A complete analysis can be executed by the function *dPCP()*.
```{r, results = "hide", eval = FALSE}
library(dPCP)
#Find path of sample table and location of reference and input files
sampleTable <- system.file("extdata", "Template_sampleTable.csv",
package = "dPCP")
fileLoc <- system.file("extdata",package = "dPCP")
#Lunch dPCP analysis
results <- dPCP(sampleTable, system = "bio-rad", file.location = fileLoc,
, eps = 200, minPts = 50, save.template = FALSE, rain = TRUE)
```
Alternatively, a step by step analysis can be carried out following the
abovementioned pipeline:
```{r, results = "hide", eval = FALSE}
library(dPCP)
#Find path of sample table and location of reference and input files
sampleTable <- system.file("extdata", "Template_sampleTable.csv",
package = "dPCP")
fileLoc <- system.file("extdata",package = "dPCP")
#Read sample table file
sample.table <- read_sampleTable(sampleTable, system = "bio-rad",
file.location = fileLoc)
#Read reference files
ref <- read_reference(sample.table, system = "bio-rad",
file.location = fileLoc)
#Read samples files
samp <- read_sample(sample.table, system = "bio-rad", file.location = fileLoc)
#Reference DBSCAN clustering
dbref <- reference_dbscan(ref, sample.table, save.template = FALSE)
#Predict position of clusters centroid from reference DBSCAN results
cent <- centers_data(samp, sample.table,dbref)
#Fuzzy c-means clustering
cmclus <- cmeans_clus(cent)
#Rain classification.
rainclus <- rain_reclus(cmclus)
#Quantification
quantcm <- target_quant(cmclus, sample.table)
quant <- target_quant(rainclus, sample.table)
#Replicates pooling
rep.quant <- replicates_quant(quant, sample.table)
```
dPCP is available also as web app accessible through a web browser at dpcp.lns.lu
## Quality control
Quality controls were developed for the fundamental steps of dPCP analysis. Along with the clustering algorithm, the function *dbscan_combination()* and the *plot()* S3 method were implemented to have a graphical view of the results and to check the quality of the following processes:
1. Choice of DBSCAN input parameters.
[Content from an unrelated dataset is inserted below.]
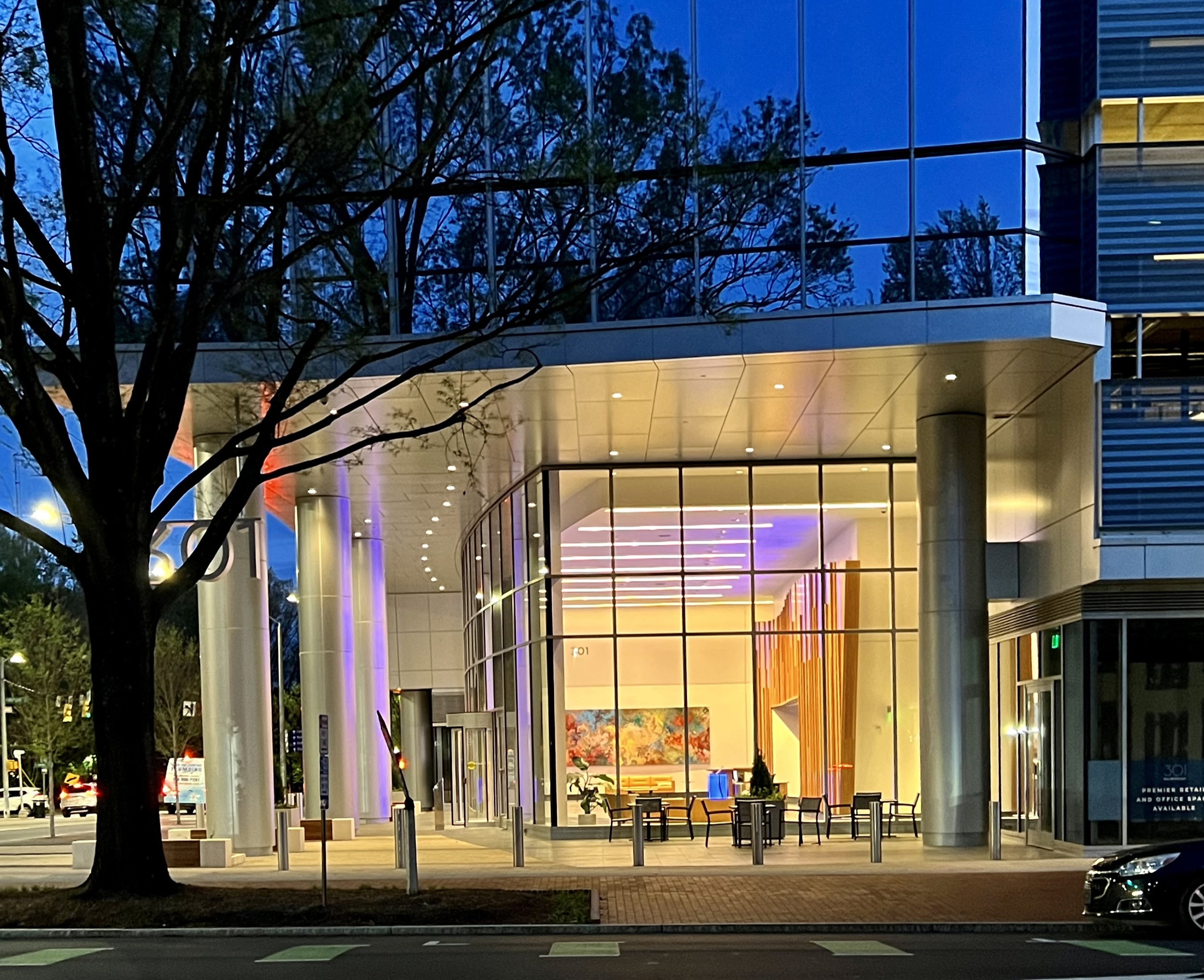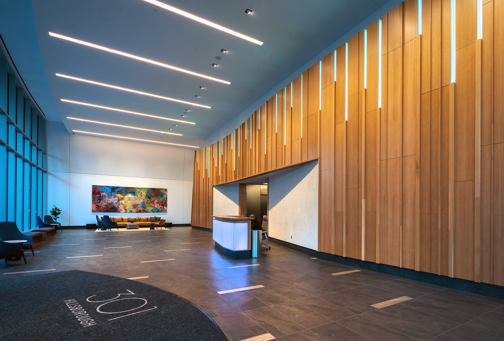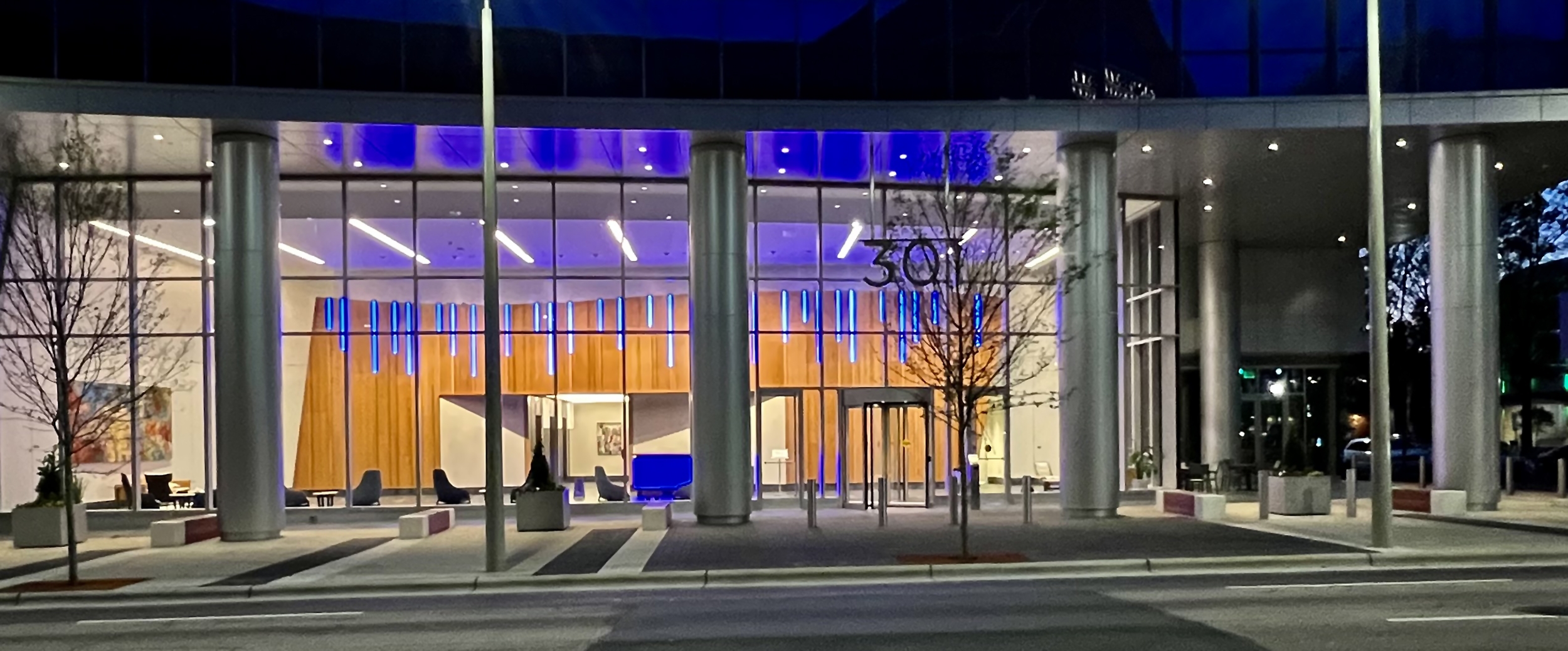 Entry DescriptionImage_001: The Lobby lighting of this sleek, LEED gold certified tower underscores the transparency of the curtain wall glass, dissolving the boundaries between the interior space and the gracious plaza outside.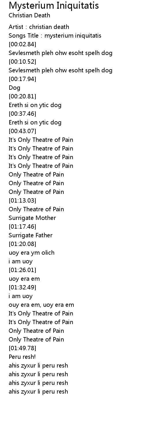 | [00:01.59] | Songs Title: mysterium iniquitatis |

The identification of empty partitions and single-target clusters in the reference is the first step of dPCP analysis and relies on the DBSCAN algorithm.
The performance of DBSCAN depends on the input parameters *ε* and *minPts* that are the only two values the user has to adapt for dPCP analysis.
In order to simplify the choice of input values, we developed the function *dbscan_combination()* that carries out a DBSCAN simulation for the combinations of *ε* and *minPts* values chosen by the user. The function generates a pdf file for each reference, showing a scatterplot for each combination.
The ideal combination of input values is chosen according to the following criteria:
* identification of the majority of data elements of empty partitions cluster and all single-target clusters;
* absence of multiple subclusters;
* the identified area has to be centred in the cluster centroid.
An example of *dbscan_combination* output is showed in Figure 1.